Kwong Jethro C C, Wang Serena C Y, Nickel Grace C, Cacciamani Giovanni E, Kvedar Joseph C
Division of Urology, Department of Surgery, University of Toronto, Toronto, ON, Canada.
Temerty Centre for AI Research and Education in Medicine, University of Toronto, Toronto, ON, Canada.
NPJ Digit Med. 2024 Jul 4;7(1):177. doi: 10.1038/s41746-024-01180-y.
Large language models (LLMs) have shown promise in reducing time, costs, and errors associated with manual data extraction.
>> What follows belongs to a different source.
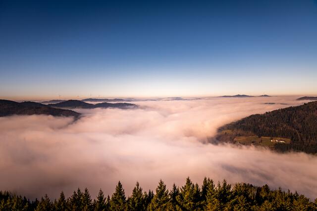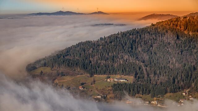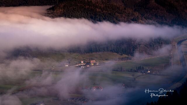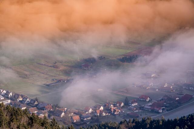 Wer zur Zeit dem Nebel in den Tälern entfliehen möchte muss meist gar nicht so weit fahren, am Samstag war es in Höhenlagen ab 500 m bereits sonnig. Mein Ziel war der Haslache Urenkopfturm mit einer tollen Rundumsicht auf das Kinzigtal. Während Haslach total im Nebel versunken war, war Fischerbach nur teilweise eingetaucht.

A recent study demonstrated that LLMs outperformed natural language processing approaches in abstracting pathology report information. However, challenges include the risks of weakening critical thinking, propagating biases, and hallucinations, which may undermine the scientific method and disseminate inaccurate information. Incorporating suitable guidelines (e.g., CANGARU), should be encouraged to ensure responsible LLM use.
大型语言模型(LLMs)在减少与手动数据提取相关的时间、成本和错误方面已显示出前景。最近的一项研究表明,在提取病理报告信息方面,大型语言模型的表现优于自然语言处理方法。然而,挑战包括削弱批判性思维、传播偏见和产生幻觉的风险,这些可能会破坏科学方法并传播不准确的信息。应鼓励采用适当的指导方针(如CANGARU),以确保负责任地使用大型语言模型。